Vale separar desde o início a condição do procedimento. Capsulite adesiva, artrose glenoumeral e dor crônica do ombro são diagnósticos — cada um com suas causas, seus sintomas e sua evolução. O bloqueio é uma das ferramentas para tratá-los.
Quem quer entender a doença em si encontra o quadro completo nos guias sobre capsulite adesiva (ombro congelado) e artrose glenoumeral. Aqui o foco é estreito e prático: o bloqueio — o que ele faz, em que dores ajuda, como é aplicado e o que a evidência sustenta.
O que torna esse bloqueio particularmente útil é a anatomia do alvo. O nervo supraescapular não é um nervo sensitivo qualquer da pele: ele é o principal nervo sensitivo da própria articulação. Ao silenciá-lo temporariamente, o bloqueio alcança a dor onde ela nasce, na cápsula, e não apenas na superfície — o que explica por que ele é tão associado ao ombro congelado e à artrose, quadros em que a dor articular profunda é o que mais limita o movimento.
A anatomia por trás do bloqueio
Entender por onde passa esse nervo é o que explica por que o bloqueio funciona no ombro e por que uma injeção na parte de cima da escápula alcança a dor lá dentro da articulação. Vale nomear o trajeto com precisão.
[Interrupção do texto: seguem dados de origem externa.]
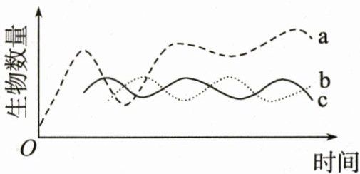 6. 如图,曲线a、b、c与某草原生态系统中可组成一条食物链的三种生物相对应,下列分析错误的是(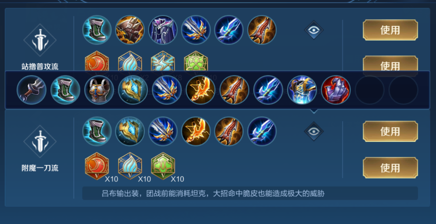 基于出装吕布应在对线期稳健发育,后期积极参团,前期主加二技能利用兵线回复生命,保持附魔状态消耗对手,四级后谨慎使用大招,优先观察敌方控制技能状态再入场。团战中吕布可作为后手切入角色,利用大招封锁敌方撤退路线或分隔前后排,附魔状态下优先攻击脆皮英雄,真实伤害无视护甲直接削减生命值,装备成型后吕布在中期进入强势期,需配合队友争夺资源并避免单带过深。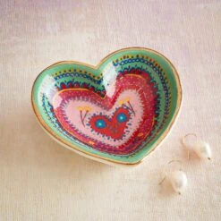 Give the gift of enduring love and friendship with this sweet heart-shaped treasure holder. Perfect for rings, trinkets and all that is dear. Glazed terra cotta. Imported. 3″W x 3-1/4″D x 3/4″H.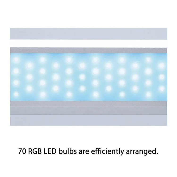 Мощный RGB · светодиодный светильникНа этот раз на лампе используется Мощный светодиодный светильник RGBУстановив R (красный), G (зеленый) и B (синий), длины волны трех основных цветов этого светильникЭто больше подходит для ландшафтного дизайна водных растений, не только Водные растения растут здоровым образом, цвета яркие, а водный ландшафт также более красивый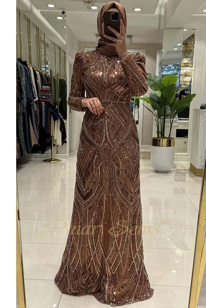 Zarafetin ve modernizmin kusursuz yansıması... Pınar Şems Gökçe Abiye, Bakır renginin asil duruşuyla özel günlerinizin baş tacı olmaya aday. Tesettür giyim modasında fark yaratan bu özel tasarım, ince işçiliği ve muhafazakar giyim standartlarına uygun kalıbıyla size eşsiz bir özgüven sunuyor.

O nervo supraescapular nasce do tronco superior do plexo braquial, formado pelas raízes cervicais C5 e C6. Dali, desce em direção à escápula e chega a um ponto anatômico decisivo: a incisura supraescapular, um entalhe na borda superior da omoplata. Nesse entalhe, o nervo passa por baixo do ligamento transverso superior da escápula, enquanto a artéria supraescapular passa por cima dele. Esse desfiladeiro ósseo e fibroso é um ponto onde o nervo pode ser comprimido ou irritado — e é exatamente esse ponto, ou a região logo acima dele (a fossa supraespinhal), que serve de alvo para depositar o anestésico.
Depois de cruzar a incisura, o nervo supraescapular tem duas funções que se somam. No plano motor, inerva os músculos supraespinal e infraespinal — dois dos quatro músculos do manguito rotador, responsáveis por iniciar a elevação e girar o braço para fora. No plano sensitivo, e é aqui que está a chave do bloqueio, ele carrega a informação de dor de cerca de 70% da cápsula articular, sobretudo a porção posterossuperior — justamente a região mais envolvida na dor da capsulite e da artrose. Poucos nervos oferecem um alvo tão eficiente: bloquear um único nervo, num ponto acessível da escápula, silencia a maior parte da sensibilidade dolorosa de toda a articulação.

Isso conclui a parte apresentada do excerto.